Deniz, meditasyona neden oluyor
Denizin zihnimiz üzerinde olumlu etkileri vardır. Meditasyon, insan beyninde faydaları kanıtlanmış eski bir tekniktir. Meditasyon hali, beyin dalgalarının uyarılmasını arttırır ve hatta bunları değişebilir.
Bu durumda, dikkatimizi bir üst seviyeye çıkaran denizin dalgalarıdır. Dalgaların sesinin üzerimizdeki etkisi, eforla bağlantılı olan alfa beyin dalgalarının yanı sıra, gevşeme ve huzurlu bir hal ile, çevremizdeki her şeyi ortadan kaldırma gücüne sahiptir.

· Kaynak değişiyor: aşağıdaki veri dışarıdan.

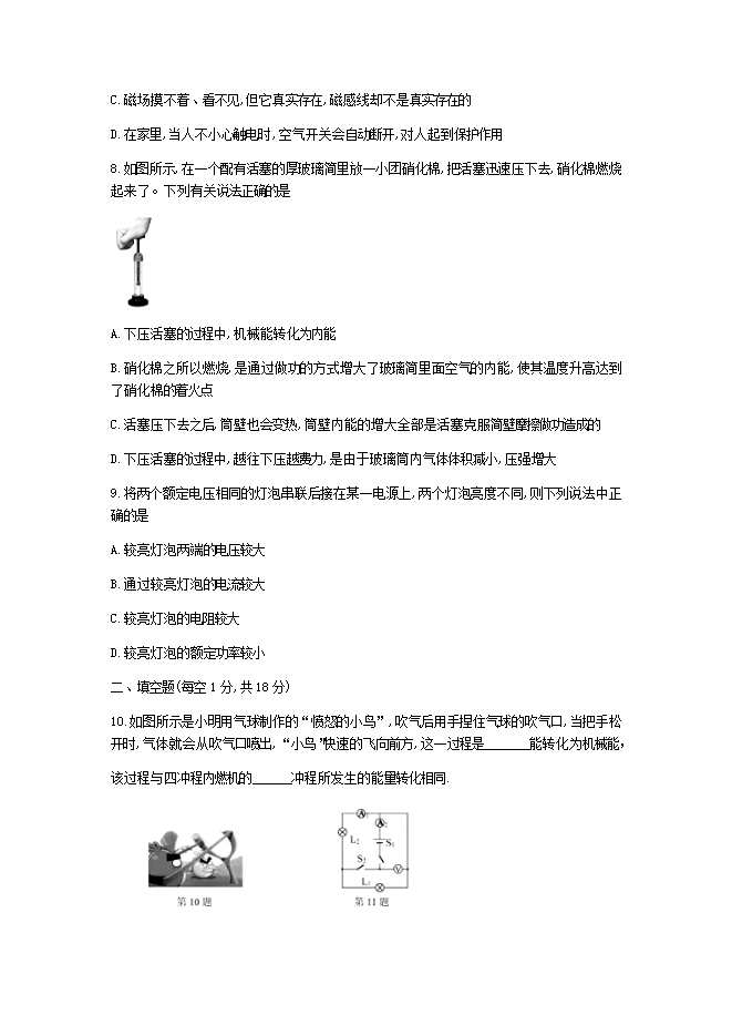 8.如图所示,在一个配有活塞的厚玻璃简里放一小团硝化棉,把活塞迅速压下去,硝化棉燃烧起来了。下列有关说法正确的是

Daha önce de söylediğimiz gibi, deniz, insan beynini yaratıcı bir hale getirir. İlginçtir ki, deniz, zihinsel berraklık durumunu sağlayan alfa beyin dalgaları ile de ilgilidir. Bu denizin tüm çevremizi bir anda ortadan kaldırma gücü vardır; böyle bir durumda tüm varlığımız, büyük bir anlam bütünlüğü ile bir kabarcığın içinde, havada süzülüyormuş gibi olur.
“Okyanus, hayatında şimdiye kadar gördüğü en büyük şeylerden biriydi – hayal ettiği her şeyden daha büyük ve daha derindi. Ona baktıkça, zamana, mekana ve havaya göre rengi, şekli ve ifadesi değişti.”
– Haruki Murakami
Şimdi denizin beynimizi nasıl etkilediği hakkında biraz daha bilgi sahibi oldunuz. Eğer bu günlerde bir fırsatını bulursanız, tek yapmanız gereken sadece haliyle bu güzelliğin tadını çıkarmaktır. Mavi okyanus ile düşüncelere dalmak gibi bir şansınız varsa, bunu lütfen boşa harcamayın ve bütün varlığınız ve aklınız ile minnettar olun.
Bu metin yalnızca bilgilendirme amaçlı sunulmuştur ve bir profesyonelle görüşmeyi yerine geçmez. Şüpheleriniz varsa, uzmanınıza danışın.